Law-enforcement officials didn’t make much use of Richard Smith’s information. Instead, they drew on a gift from America Online, whose tech team had been Melissa-hunting on its own. It apparently traced the invasion of the SkyRoket account to a New Jersey Internet provider. Early in the week an AOL emissary called the FBI and the Garden State attorney general’s office. The latter took over the case, perhaps because it is easier to prove state crimes than more stringent federal charges. Jersey cops painstakingly went through the provider’s customer accounts and found their man, David L. Smith (a process that might have gone more quickly had they known that the FBI had been given the name earlier). Authorities concluded that Smith had planted the virus from his second-floor apartment in a modest Aberdeen Township housing complex. A search warrant was executed around sundown on Thursday. According to an eyewitness, a dozen or so men entered the apartment with briefcases and cardboard boxes, lowered the blinds and went to work. Several hours later they left with their bulging briefcases and loaded boxes. At 9:10 p.m. they arrested David Smith at his brother’s house nearby. He went quietly.
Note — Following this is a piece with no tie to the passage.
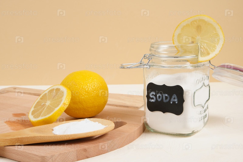 Экологически чистый набор для уборки, сода и лимон для очистки, концепция образа жизни без отходов

At a press conference Friday, New Jersey authorities said that Smith, who had made bail, faced as much as 40 years in prison and a $480,000 fine. (A state spokesperson also said that the virus may have been named after a topless dancer Smith had fancied in Florida.)
They also denied that David Smith was VicodinES, a contention that Richard Smith disputed. To bolster his claim, he circulated the source code of a year-old document on Vicodin’s Web site, where the revision log indicates that the creator was David L. Smith. At the very least a connection exists, but the suspect wasn’t talking. A 30-year-old programmer for an AT&T contractor, he had moved back to his native New Jersey County after a bankruptcy in Florida, where, his lawyer said, he had racked up $24,000 in credit-card debt after losing a job at a computer firm. His Internet posts indicate that (like Vicodin) he’s interested in music and computer viruses. He seemed, neighbors said, “a normal guy.” “What I don’t understand is, if you’re that smart, why make a virus? Why not break into someone’s bank account?” said Edward Stawicki, whose place faces Smith’s. “At least that way he’d have some money.”
But that’s not the scriptor’s way. “The more interesting ones are like computer security researchers,” Guillermito writes. “On one side they want to help computer users, improving the security of computers by showing the weaknesses. But on the other side, they infect innocent people and make them lose time, sometimes lose data. A sort of paradox that is not easy to deal with.”
Unless you’re the cops. As David L. Smith may learn–and the virus community might well note–they have a solution ready at hand: You’ve got jail!